So how do you convince throngs of half-naked, half-baked music lovers to go green? By showing the way. To reduce global-warming impacts, biodiesel generators powered all of the non-music stages, as well as the spotlights used at night and some of the golf carts zipping along the dust-covered "roads" between camping areas. 'Rooers were given the opportunity to purchase Cool Tags to offset their travel. In an area of the grounds known as "Planet Roo," a solar-powered stage was flanked by vendors selling organic foods and natural products, and booths manned by nonprofits ranging from national groups like the Natural Resources Defense Council and the World Resources Institute to advocates working on local issues like mountaintop-removal mining.

Clean Vibes: the quicker picker-upper.
Clean Vibes: the quicker picker-upper.

Then there was the eco-army dealing with waste: some 600 tons of it. Clean Vibes -- the official "pick up the mess organization," according to head picker-upper Anna Borofsky -- set up 2,000 trash barrels and 2,000 recycling bins throughout the grounds, carting filled bags to sorting facilities and composting areas. By recycling plastic bottles and aluminum cans, Bonnaroo officials hoped to divert more than 60 percent of the event's waste from landfills.
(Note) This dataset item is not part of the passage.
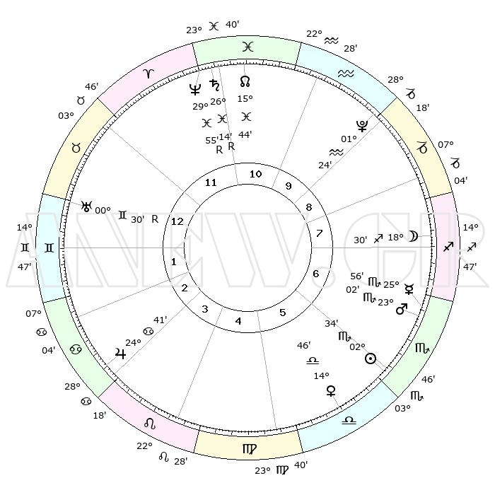 | | ΘΕΣΕΙΣ ΠΛΑΝΗΤΩΝ ΑΣΤΡΟΛΟΓΙΚΟΥ ΧΑΡΤΗ ΤΗΣ ΣΤΙΓΜΗΣ ΑΥΤΗΣ | | | | Πλανήτης | Ζώδιο | Μοίρες | Δεκαήμ. | Σε οίκο | Απόκλιση | | Ακμές των οίκων | | Ηλιος | Σκορπιός | 02°09' | Πρώτο | 11 | 12 S 13 | | 1ος | 05°15' | Τοξότης | | Σελήνη | Τοξότης | 13°26' | Δεύτερο | 1 | 27 S 29 | | 2ος | 07°09' | Αιγόκερως | | Ερμής | Σκορπιός | 25°26' | Τρίτο | 12 | 21 S 41 | | 3ος | 13°45' | Υδροχόος | | Αφροδίτη | Ζυγός | 14°14' | Δεύτερο | 10 | 04 S 12 | | 4ος | 19°50' | Ιχθείς | | Αρης | Σκορπιός | 22°44' | Τρίτο | 12 | 18 S 46 | | 5ος | 20°10' | Κριός | | Δίας | Καρκίνος | 24°40' | Τρίτο | 8 | 21 N 15 | | 6ος | 14°31' | Ταύρος | | Κρόνος | Ιχθείς | 26°16'R | Τρίτο | 4 | 03 S 46 | | 7ος | 05°15' | Δίδυμοι | | Ουρανός | Δίδυμοι | 00°31'R | Πρώτο | 6 | 20 N 03 | | 8ος | 07°09' | Καρκίνος | | Ποσειδώνας | Ιχθείς | 29°56'R | Τρίτο | 4 | 01 S 17 | | 9ος | 13°45' | Λέων | | Πλούτωνας | Υδροχόος | 01°24' | Πρώτο | 2 | 23 S 32 | | 10ος | 19°50' | Παρθένος | | Β. Δεσμός | Ιχθείς | 15°45' | Δεύτερο | 3 | 05 S 37 | | 11ος | 20°10' | Ζυγός | | Ωροσκόπος | Τοξότης | 05°15' | Πρώτο | | | 12ος | 14°31' | Σκορπιός | | Μεσουράνημα | Παρθένος | 19°50' | Δεύτερο | | | |

An organization called WastAway will also contribute, by melting down and compacting 250 tons of the non-recyclable, non-biodegradable garbage into "fluff" that can be used for park benches and construction.

"These festivals are a kind of microcosm of the real world," Borofsky said, adding that the Bonnaroo community serves as an example of what's possible. "By showing people that [this community can run] in a sustainable way, then we can apply that to the big picture."

Spanning all generations, Bonnaroo's "citizens" ranged from hippie to hipster, but Borofsky says she's noticed more of a "hippie-crite" presence at many of the large music festivals. "[We're trying to] teach people that if we don't respect the land that we're allowed to have these amazing gatherings on, then we're not going to be able to have these amazing gatherings anymore."